━━━ RAW DATA
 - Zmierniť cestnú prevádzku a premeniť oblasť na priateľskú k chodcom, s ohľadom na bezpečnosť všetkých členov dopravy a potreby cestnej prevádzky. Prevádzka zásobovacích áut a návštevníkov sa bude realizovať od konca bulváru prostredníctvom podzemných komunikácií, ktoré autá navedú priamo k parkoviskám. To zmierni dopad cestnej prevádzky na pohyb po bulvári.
━━━━━━
━━━ RAW DATA
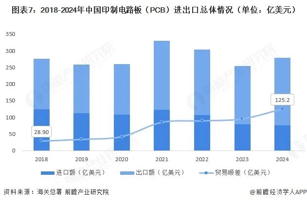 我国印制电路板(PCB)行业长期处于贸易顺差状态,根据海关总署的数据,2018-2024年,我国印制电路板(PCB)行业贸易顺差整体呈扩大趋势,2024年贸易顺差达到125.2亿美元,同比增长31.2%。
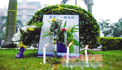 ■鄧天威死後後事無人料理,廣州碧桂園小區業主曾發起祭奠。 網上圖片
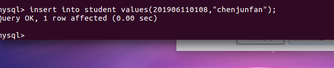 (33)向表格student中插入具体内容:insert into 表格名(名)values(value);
━━━━━━
WORK ITEM: Transcribe the listing above exactly, but only from the line with "我国印制电路板(PCB)行业长期处于贸易" through the line with "(33)向表格student中插入具体内容:insert into 表格名(名)values(value);". Include both of those lines and omit the pictures.

ANSWER TO THIS EXERCISE:
 我国印制电路板(PCB)行业长期处于贸易顺差状态,根据海关总署的数据,2018-2024年,我国印制电路板(PCB)行业贸易顺差整体呈扩大趋势,2024年贸易顺差达到125.2亿美元,同比增长31.2%。
 ■鄧天威死後後事無人料理,廣州碧桂園小區業主曾發起祭奠。 網上圖片
 (33)向表格student中插入具体内容:insert into 表格名(名)values(value);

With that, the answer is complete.